A divided drive locomotive is a steam locomotive that divides the driving force on its wheels by using different cylinders to power different pairs of driving wheels in order to give better weight distribution and reduce "hammer blow" which can be damaging to the track, or else to enable the wider spacing of the driving wheels to accommodate a larger firebox.
The system of dividing drive was originally developed by Anatole Mallet in the 1870s on a number of rigid-wheelbase compound locomotives, and then during the 1880s, on Mallet articulated locomotives.
Mallet's ideas inspired Francis Webb in Britain who introduced 2-(2-2)-0, 2-(2-2)-2, 2-2-2-2T, 2-2-(4-0)T divided drive locomotives between 1882 and 1903.
Alfred de Glehn introduced a successful divided drive 2-(2-2)-0 compound based on Webb's ideas,.
Dugald Drummond of the London and South Western Railway used divided drive (not very successfully) in his simple expansion T7 and E10 Classes of 4-2-2-0. In the latter two instances the divided drive was adopted to allow the driving wheels to be spaced more widely than normal without the need for long coupling rods. This enabled an extra-long firebox.
Divided drive could also be used on simple expansion locomotives with coupled driving wheels.The NER Class X (LNER Class T1) 4-8-0T shunting engines designed by Wilson Worsdell for the North Eastern Railway had three cylinders with divided drive.

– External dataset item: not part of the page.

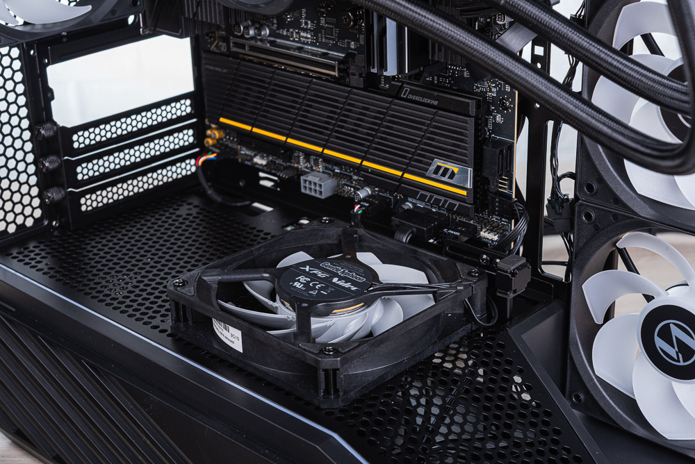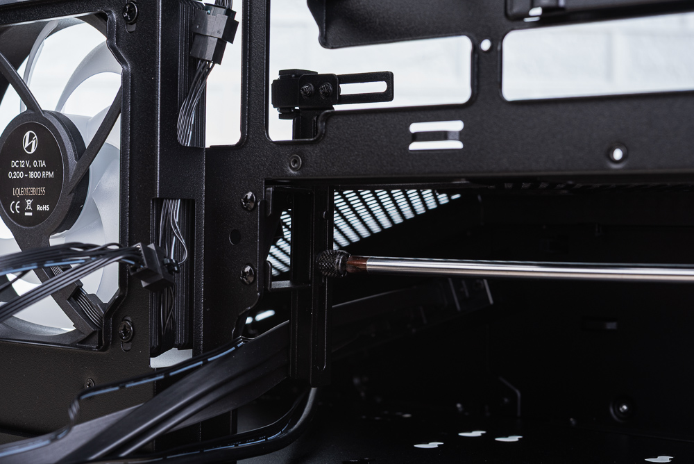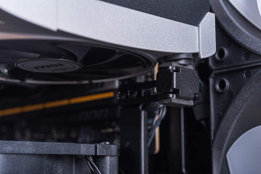 機殼分艙上方也可安裝風扇,使用配件的長牙螺絲即可固定,不過安裝風扇後會讓顯卡供電線材比較難走線。

Similarly Richard Maunsell of the Southern Railway (Great Britain) designed the SR Lord Nelson class with divided drive between the front coupled axle for the inside cylinders and the middle coupled axle for the outside cylinders 'to give better weight distribution and reduced hammer blow'.

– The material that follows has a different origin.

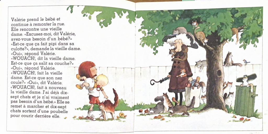 La deuxième personne rejette l’enfant parce qu’elle le trouve sale. «WOUACH!, fait la vieille dame. Est-ce que son nez coule? » « Oui », dit Valérie. « WOUACH! fait à nouveau la vieille dame. J’ai déjà 17 chats et je n’ai vraiment pas besoin d’un bébé. »

Sir Nigel Gresley of the London and North Eastern Railway (LNER) used divided drive on his B17 class 4-6-0 for hauling passenger services on the severely weight restricted Great Eastern Main Line.[1] Gresley's successors Edward Thompson and Arthur Peppercorn both adopted divided drive on their larger designs as a consequence of their wish to overcome the maintenance problems associated with the Gresley conjugated valve gear.[2]
The concept was further developed in the early 1930s in the United States by the Baldwin Locomotive Works, with their duplex locomotives, which divided the drive between two sets of outside cylinders.